Once in college this interest continued, and I became the head of the student film society at the University of Michigan, with an office at the Union, where I was able to book and show movies like Bulldog DrummondThe Maltese Falcon, The Lion in Winter, and The Navigator.

No, not Flight of the Navigator. New Zealand, not Hollywood.

Quick Digression:

It’s funny, now that I think about it. I had a very bourgeois and middle-class appreciation for movies. I liked them, and I had seen enough, over the years, that I could spot references, cinematic cliches, and specific sources of inspiration that most of my friends couldn’t (or weren’t interested in). I was hardly an aesthete or a snob — I enjoyed Die Hard and Aliens as much as my friends did, and I was never particularly engaged by the avant-garde.

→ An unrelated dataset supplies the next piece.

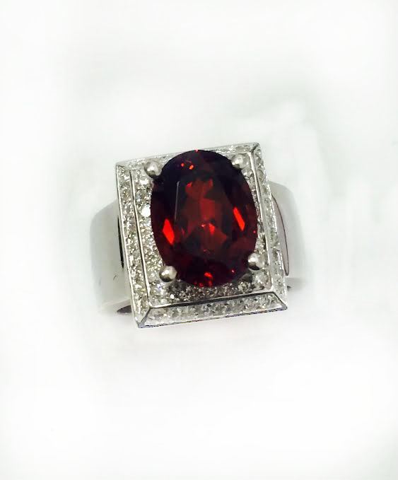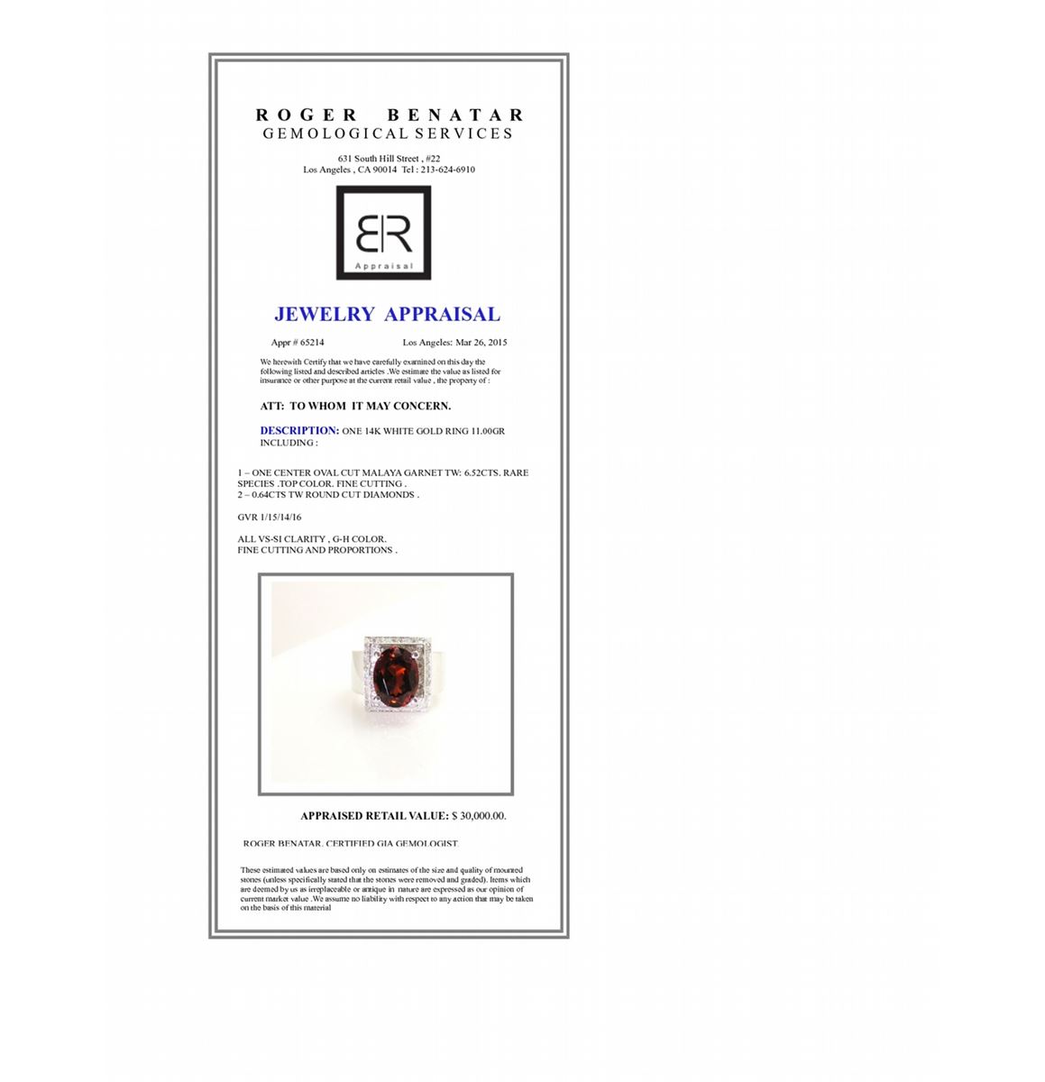 MALAYA GARNET OVAL 6.52CT, 14K W/G RING 11.00GRAM / DIAMOND RD 0.64CT

Still, several of my friends, over the years, have annoyed me by mistaking my ability to speak somewhat knowledgeably about movies for some kind of nose-in-the-air attitude about my opinions. More than one has said, “well, I’m not like you — I only care about whether I enjoy the movie or not.” Forcing me to say, “you think I … apply a higher standard than that? You think I’ll be critical of a movie I actively enjoyed? You think I’ll sniff disapprovingly, while sneering, “well, sure, it was entertaining, if that’s all you want."??? 

Entertaining and engaging is/are the standard(s) for everyone, obviously. It may be, of course, that people who have seen a lot of movies are actively impressed by a smaller percentage of them than those who haven't — which is true with any form of human endeavor. But the question of whether or not I like a movie is separate from whether or not I enjoy movies I like, if that makes any sense.

Digression over. 😀

Back to the Point (finally):

What does this all have to do with Prague, you say?

Nothing, really. I just found myself thinking how surprising it might be to some people that the four or five young men in our small apartment on Geddes road in Ann Arbor during college, though in all apparent ways fairly sterotypical in their “guyness” — straight, white, hormonal, and athletic, who loved playing, watching, and talking about sports pretty much all the time — also made a point of seeing John Sayles’ Brother from Another Planet and Spike Lee’s She’s Gottta Have It when they came out on VHS, and saw Lee’s School Daze, John Singleton’s Boyz in the Hood, and Kid 'n Play's House Party in the cinema when they came out, both times clearly being in the minority in the movie theaters at the time. (An experience I had, even more pronounced, when I was one of maybe five white Americans in an otherwise all-Black Boston screening room when Juice came out several years later). The idea that those movies were "not for us" never entered into our mind.

Eh. I don’t claim we were unique, or in any way revolutionary. I just found myself struck, last week, at the unlikeliness of us four young, white, Michigan-football-loving, middle-class Midwestern men knowing who Mars Blackmon was and quoting him to each other years before most of America was introduced to him. And proud of us for it.

I guess all this boils down to: We were fairly traditional and boring, back then. But knuckleheads we were not.